Planned outputs/improvements 2022/3

  • Development of model for academic/institutional moderator networks to facilitate harnessing of stakeholder knowledge and increase crowdsourced input (see also bulk upload above);
  • Improvement of interface features to make the contribution of data more interesting, particularly in relation to verification;
  • Co-working with CCRP partners to improve global crowdsourcing networks and core platform crowdsourcing features;
  • Testing of integration of historical building footprints on Colouring London, to facilitate crowdsourcing of dynamics data from historians;
  • Testing of visual prompts with CCRP partners.

age open manual Building age data from UCL study combined with data crowdsourced using Colouring London from professional and non-professional historians


3.3 Automated data capture and extraction (2018-19)

Overview and objectives A number of relevant methods of automated data capture were identified through the literature review in Design Stage 1. The key attraction of data generated though automated extraction and inference is the speed, and scale at which attribute data can be made available, and the efficiency and cost effectiveness of the approach.
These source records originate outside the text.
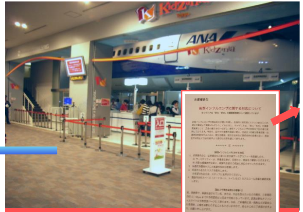
Notice of the fever screening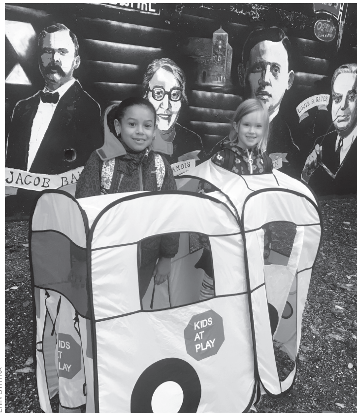
Volunteers and muralists join Frank Rushton staff and scholars for International Walk to School Day.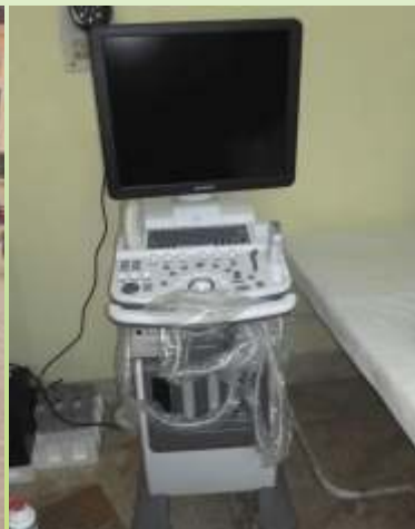
Water Purifier, Ambulances and Ultrasound machine donated by citizen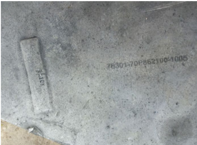
Remnants of a likely US-made JDAM GBU-31 bomb used in the attack that killed the Al-Sanabani family. The four securing holes pictured in the photo on the top resemble those of a JDAM GBU-31 tail fin. The marking “76301-70P86” in the photo on the bottom is associated with JDAM guidance part numbers.

and others, JIAT has reported that the Coalition did not carry out a strike despite clear physical evidence indicating an airstrike. 3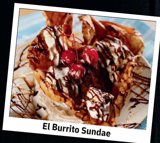
El Burrito Sundae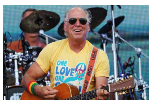
Jimmy Buffett http://blog.indiantrailslibrary.org/?p=113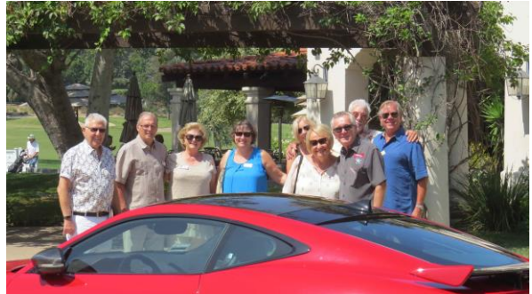
Some of the attendees at that Concours Afterglow Luncheon at the Rancho Santa Fe Golf Club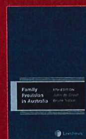
J de Groot & B Nickel 6 th ed LexisNexis 2021 PB $260.00

The second edition of Workplace Bullying explores, in greater depth, the psychological aspect of such bullying and its damaging effects. Workplace Bullying offers advice on how a toxic workplace environment can be prevented from forming. It provides a practical guide to victims of workplace bullying regarding how they can recover and build resilience, and an overview of new legal developments in this evolving area of law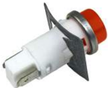
Speed nut accessory

Featuring a bezel finish and polished stainless steel, the 1092 Series is compliant with RoHS and REACH requirements.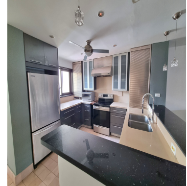
SEE PROPERTY ON GOOGLE MAPS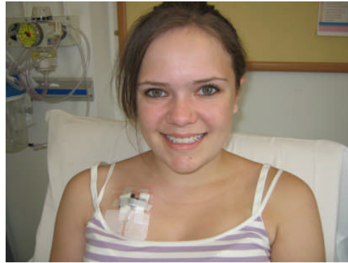
With needle in place for treatment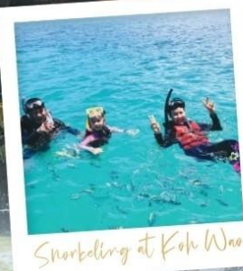
Snorkeling at Koh Wao

อุทยานแห่งชาติหมู่เกาะอ่างทอง Ko Ang Thong National Park Thai กรมอุทยานแห่งชาติ สัตว์ป่า และพันธุ์พืช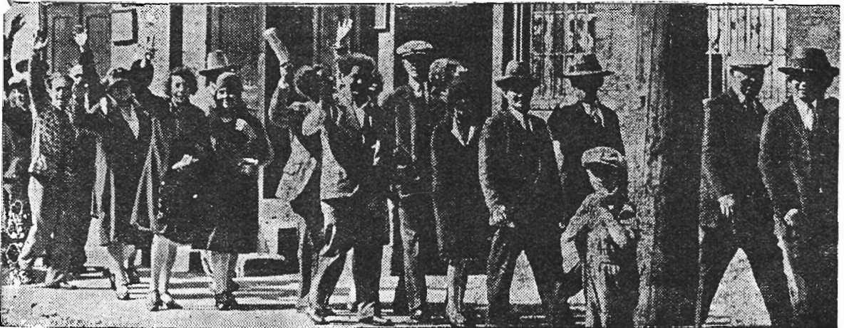
Mass picketing by Left Wing Needle Trades' workers during the recent big strike in New York City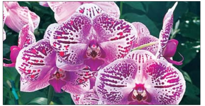
Illinois is home to 50 species of orchid. Sixteen of these species are listed as endangered and two are listed as threatened.

During the show, the botanic garden's Lenhardt Library is exhibiting Slipper Orchids: Retro,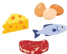
Meat, Fish, Eggs, and Dairy*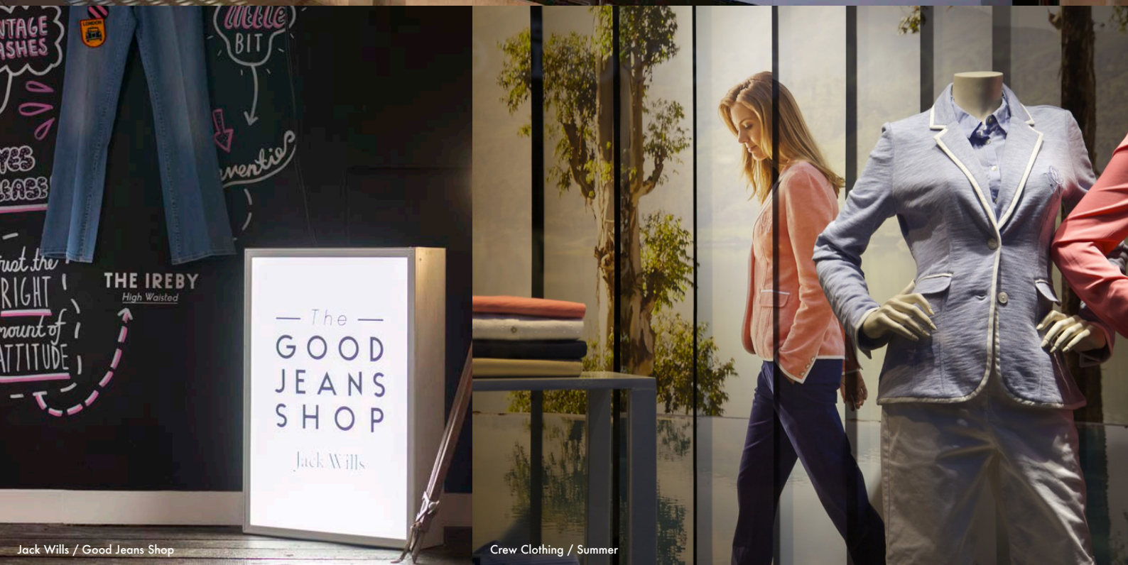
Jack Wills / Good Jeans Shop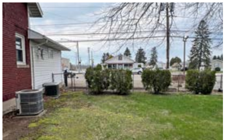
Side Yard - Both Units Include Central AC & Separately Metered Electric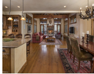
Under Contract by East Vail Team 4346 Spruce Way $2,275,000 - asking price 4 bedrooms & creek location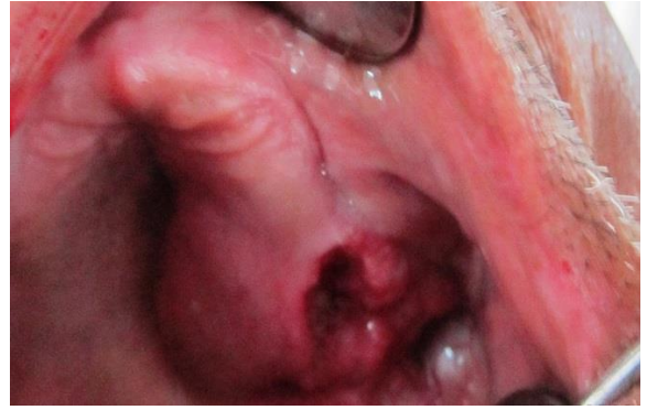
Fig. 2: Clinical presentation with Intraoral view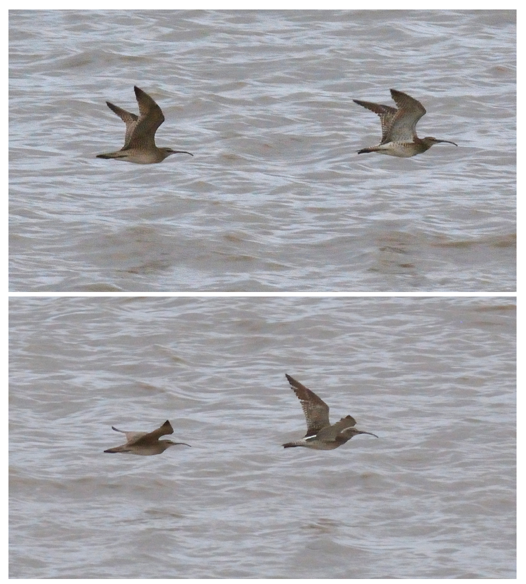
Figures 4–5. Eurasian Whimbrel Numenius phaeopus phaeopus (right) with Hudsonian Whimbrel N. p. hudsonicus , Pointe des Amandiers, Cayenne, French Guiana, 28 April 2020; note the pale underwing-coverts contrasting with brown underwing-coverts of hudsonicus and white rump continuing onto the back

same site, OC, LK & OT photographed what was probably the same individual, both times being identified by the white rump and white underwing-coverts via direct comparison with Hudsonian Whimbrel (Skeel & Mallory 2020).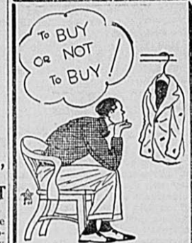
Figure With Us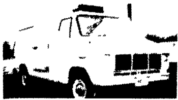
1985 GMC Thermo King Reefer Cargo Van, w/Side Door, 350 V8, AT, PS, PB, 77,000 Miles, Med Temp., Brand New Engine, 3 Yr. 50,000 Mile New Engine Warrantee. Available For Sale Or Lease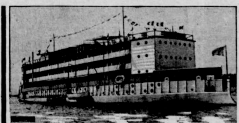
The Amphitrite, formerly the U. S. S. Monitor which helped guard New York harbor during the World war, is now a fashionable floating "country" club, at anchor off Fort Washington, Long Island.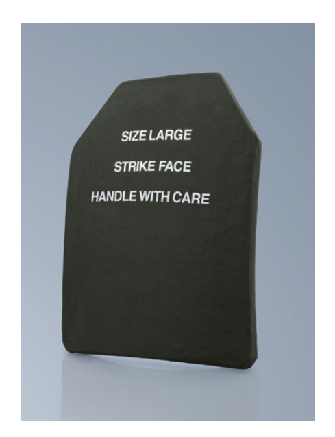
ESK boron carbide system (German SK 4 - protection)

Optimum personal protection together with maximum mobility thanks to minimum weight are the key prerequisites for safe and successful deployment. ESK's innovative ballistic protection materials surpass conventional armor systems.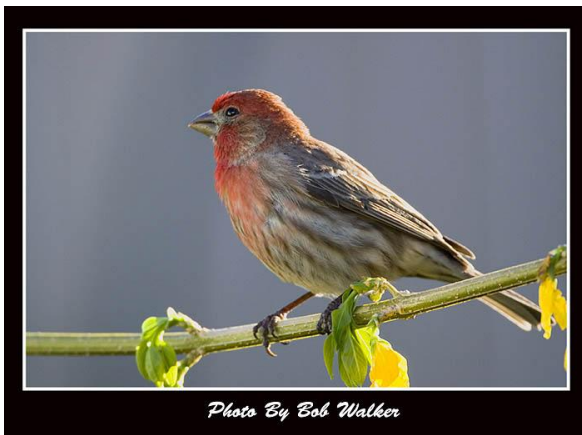
AND THE RESULTING BEAUTIFUL CAPTURE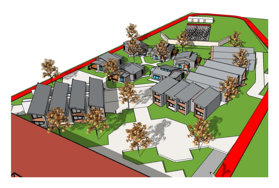
Conceptualization of accommodation facilities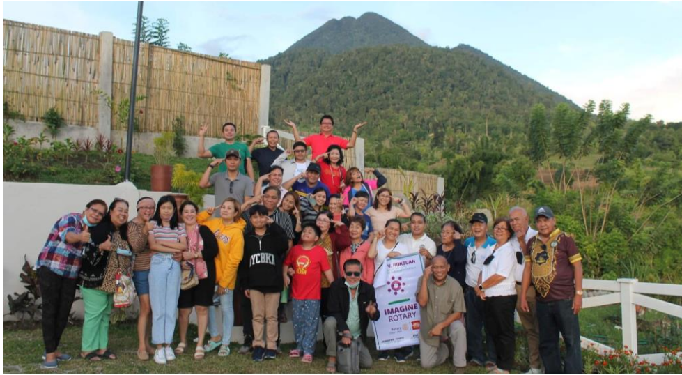
9.24.2022: RCKC Friendship and Fellowship Day at Glandang, Tupi, South Cotabato with the Rotakids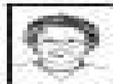
Portrait of a man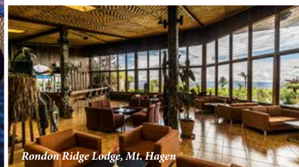
Rondon Ridge Lodge, Mt. Hagen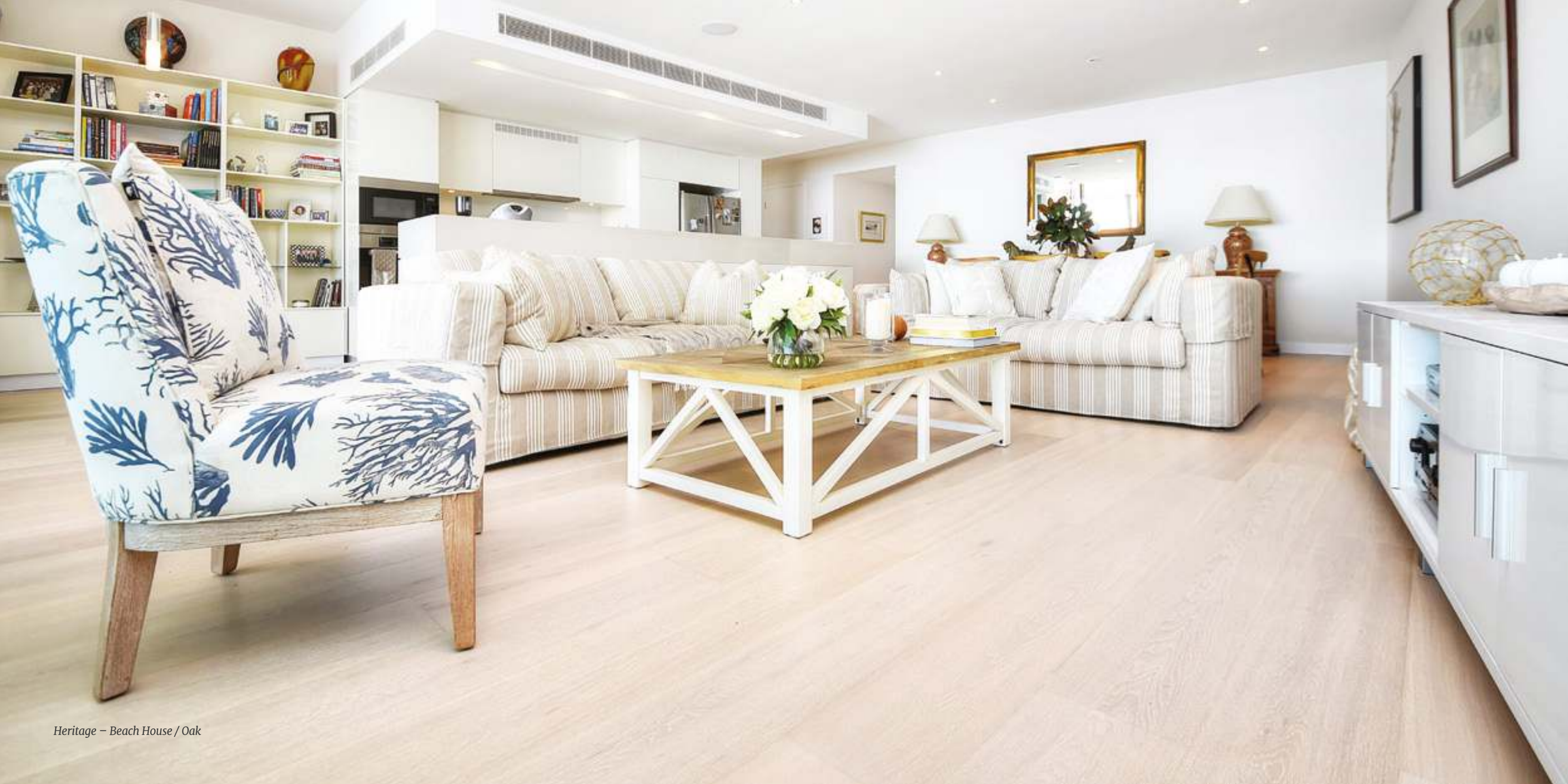
Heritage – Beach House / Oak

This is particularly relevance to countries where limited open building attribute data area available and where costs of data are high. Automated processes are also important in gaining insights to relationships between building attributes required to inform underlying rules of operation necessary to improve accuracy in simulations and long-term forecasting models.

Use of computer vision (i.e. the automated extraction of data from images); inference of unknown attributes from known attributes (e.g. inferring the roof shape for all buildings of an identical building footprint and certain age); inference from historical data (e.g. use of historical street network data to infer land use and building age), and rule-based approaches (e.g. the development of algorithms that automatically classify and group all building footprints of a certain length and width from which land use and typology can be inferred.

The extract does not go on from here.